In terms of seeking formal help, I would seek out a psychologist. Typically, I do this by looking for nearby specialists and calling to see if they’d be willing to do a phone interview to outline their philosophies and treatment plans.

Good luck and please keep us in the loop if you’re comfortable ♥️

Strongheartforever profile image
Strongheartforever in reply toMoreThanFun

Thank you for sharing that advice, that’s good info and insight.

You’ve started, you’ve made the first step here to shed light on this pain. Keep stepping forward. I have the same questions you do. Know there is help all around you, you just have to ask. I’m sure more folks will add their advice. You’re doing the hardest thing, the first step, joining us here. It takes guts and grit and hope.

trapis2 profile image
trapis2

Go to your regular Dr. first and tell him how you feel. First step,then go from there. It's hard to even tell your dr., but necessary as a start. I was in the same situation and found that the more I tell others,truthfully, the better I feel. It's a good feeling to finally not to work so hard hiding how you feel. There is every reason to belive that you will feel much better soon!! Hugs

rach1402 profile image
rach1402

It's great you're ready to deal with your problems, that's a good starting point in itself. I also suffer from anxiety and depression and in January last year aged 35 I was diagnosed with ADHD. It can be tricky finding the best course of treatment for you but if you speak to a doctor who knows about these things they can point you in the right direction. ADHD is extremely difficult to live with if it goes undiagnosed and untreated so I would make it a priority to get assessed for that as soon as you can.

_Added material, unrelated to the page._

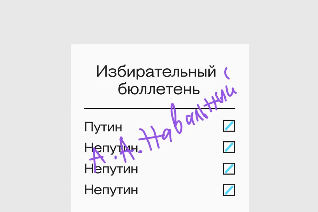 Единственный предложенный оппозицией законный способ публично выразить протест против Путина и войны — это участие в акции «Полдень против Путина». Для этого нужно прийти на свои избирательные участки 17 марта в 12.00, при этом совершенно не принципиально, что делать со своим бюллетенем — главное не отдавать голоса за Путина. К примеру, оппозиционные политики Михаил Ходорковский и Дмитрий Гудков предлагают вписывать в бюллетени фамилию погибшего в феврале Алексея Навального, ставить «галочку» за любого кандидата либо портить бюллетень.
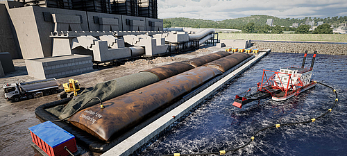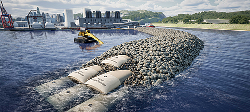 Die geotextile Betonmatte dichtet ab und schützt vor Erosion sowie mechanischer Beschädigung.

Thoughtfully profile image
Thoughtfully

Anxiety and depression are very difficult to live with if you are trying put on a good face all of the time. I did that for years and even my really good friends never really knew who I was. It took a great deal of courage to start opening up and being real with people. Not all of my friends wanted that kind of relationship but there were some who stayed with me through my trials. There are some really good counselors who can help here if you want to talk: 855-382-5433 is a good start..they can find you a good counselor in your area. I truly hope that opening up will help relieve some of the anxiety for you!